Right, but there exists software that would be robust to noise, e.g. ...neural networks. I'm curious if not-quiet-perfect adders might be beneficial in some cases.
Analog addition is actually really easy if you can tolerate noise and heat and can convert to/from representing the signal as an analog current. Using Kirchhoff's Current Law, addition of N currents from current sources is achieved by joining those N wires to a shared exit wire which contains the summed current.
There is valid use case for when designers simply need "fuzzy logic" or "fuzzy math" which doesn't need exact results, but which can tolerate inaccurate results. If using fuzzy hardware saves resources (time, energy, die space, etc.) then it might be a valid tradeoff to use inaccurate fuzzy hardware instead of exact hardware.
For instance instead of evaluating an exponential function in digital logic, it might be quicker and more energy-efficient to just evaluate it using a diode as an analog voltage, if the value is available as an analog voltage and if some noise is tolerable, as done with analog computers.
These stories remind me of a story from Discover Magazine https://www.discovermagazine.com/technology/evolving-a-consc...

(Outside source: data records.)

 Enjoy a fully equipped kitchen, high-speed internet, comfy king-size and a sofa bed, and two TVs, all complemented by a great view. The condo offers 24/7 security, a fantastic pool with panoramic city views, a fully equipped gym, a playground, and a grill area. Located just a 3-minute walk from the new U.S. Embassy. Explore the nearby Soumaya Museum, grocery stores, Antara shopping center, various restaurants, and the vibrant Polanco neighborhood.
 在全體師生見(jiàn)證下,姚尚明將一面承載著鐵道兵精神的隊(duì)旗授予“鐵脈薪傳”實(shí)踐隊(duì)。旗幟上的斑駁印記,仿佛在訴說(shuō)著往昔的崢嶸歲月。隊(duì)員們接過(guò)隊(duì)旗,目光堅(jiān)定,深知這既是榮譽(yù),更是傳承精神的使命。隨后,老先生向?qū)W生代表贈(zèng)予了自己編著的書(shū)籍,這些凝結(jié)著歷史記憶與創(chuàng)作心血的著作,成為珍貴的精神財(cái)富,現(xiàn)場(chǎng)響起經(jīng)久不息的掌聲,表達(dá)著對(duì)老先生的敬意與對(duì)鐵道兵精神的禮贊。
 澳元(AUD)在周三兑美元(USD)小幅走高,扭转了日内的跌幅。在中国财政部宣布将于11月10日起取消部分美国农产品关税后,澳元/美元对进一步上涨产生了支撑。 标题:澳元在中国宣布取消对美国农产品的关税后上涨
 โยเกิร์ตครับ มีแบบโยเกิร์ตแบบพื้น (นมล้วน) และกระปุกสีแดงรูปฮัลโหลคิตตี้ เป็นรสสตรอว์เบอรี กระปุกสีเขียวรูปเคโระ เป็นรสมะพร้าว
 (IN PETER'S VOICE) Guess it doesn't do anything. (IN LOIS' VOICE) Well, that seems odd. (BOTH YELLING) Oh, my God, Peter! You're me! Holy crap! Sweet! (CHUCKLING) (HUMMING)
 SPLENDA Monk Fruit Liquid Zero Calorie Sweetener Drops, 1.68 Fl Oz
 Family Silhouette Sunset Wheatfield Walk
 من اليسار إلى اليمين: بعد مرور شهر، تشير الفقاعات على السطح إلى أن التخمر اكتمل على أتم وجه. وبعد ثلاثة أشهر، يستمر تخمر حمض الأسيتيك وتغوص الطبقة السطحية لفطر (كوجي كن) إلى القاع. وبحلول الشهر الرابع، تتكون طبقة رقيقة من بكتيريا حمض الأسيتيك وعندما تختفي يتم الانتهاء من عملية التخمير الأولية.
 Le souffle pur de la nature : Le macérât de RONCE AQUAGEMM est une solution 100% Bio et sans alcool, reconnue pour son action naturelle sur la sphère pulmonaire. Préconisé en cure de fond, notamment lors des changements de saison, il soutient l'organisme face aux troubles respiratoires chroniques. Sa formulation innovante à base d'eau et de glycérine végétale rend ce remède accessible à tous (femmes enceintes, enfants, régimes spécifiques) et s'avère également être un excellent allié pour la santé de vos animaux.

A researcher was using a process to "evolve" a FPGA and the result was a circuit that was super efficient but worked in ways that were unexpected: part of the circuit seemed unconnected to the rest but if removed the whole thing stopped working and it would only work at a specific temperature.
> As with Thompson's FPGA exploiting some subtle physical properties of the device, Layzell found that evolved circuits could rely on external factors. For example, whilst trying to evolve an oscillator Bird and Layzell discovered that evolution was using part of the circuit for a radio antenna, and picking up emissions from the environment [18]. Layzell also found that evolved circuits were sensitive to whether or not a soldering iron was plugged in (not even switched on) in another part of the room[19]. ...
However, OP was actually referring to an experiment by Dr Adrian Thompson which was different but also sort of similar. The FPGA evolved by Thompson ended up depending on parts of the circuit that were disconnected from the main circuit but still affected its operation. It probably relied on electromagnetic properties, so was sort of a radio, but it did not rely on the clock of a nearby computer.
I mistakenly made a two AM radios in my electronics classes, from trying to make an amplifier and a PLL. The FM radio was mistakenly made while trying to make an AM radio. :-|
I can't believe someone dropped a link to this story. I remember reading this and feeling like it broadened my sense of what evolutionary processes can produce.
I believe I remember reading about that in the book "The Emperor's New Mind" by Roger Penrose back in the late 90s. It was something that has stuck with me ever since, even though I didn't follow up on the AI route.
It's interesting to see these unconventional solutions. Genetic algorithms evolving antenna design produce similar illogical but very efficient designs. Humans have a draw to aesthetic. Robots don't have such limitations.
One thing that the essay doesn't consider is the importance of efficiency in computation. Efficiency is important because in practice it is often the factor which most limits the scalability of a computational system.
The human brain only consumes around 20W [1], but for numerical calculations it is massively outclassed by an ARM chip consuming a tenth of that. Conversely, digital models of neural networks need a huge power budget to get anywhere close to a brain; this estimate [2] puts training GPT-3 at about a TWh, which is about six million years' of power for a single brain.
Six millions years of power for a single brain is one year of power for six million brains. The knowledge that ChatGPT contains is far higher than the knowledge a random sample of six million people have produced in a year.
With that said, I think we should apply ML and the results of the bitter lesson to things which are more intractable than searching the web or playing Go. Have you ever talked to a System's Biologist? Ask them about how anything works, and they'll start with 'oh, it's so complicated. You have X, and then Y, and then Z, and nobody knows about W. And then how they work together? Madness!"
> Six millions years of power for a single brain is one year of power for six million brains. The knowledge that ChatGPT contains is far higher than the knowledge a random sample of six million people have produced in a year.
On the other hand, I don't think if it would be larger than that of six million people selected more carefully (though I suppose you'd have to include the costs of selection process in the tally). I also imagine it wouldn't be larger than six thousand people specifically raised and taught in coordinated fashion to fulfill this role.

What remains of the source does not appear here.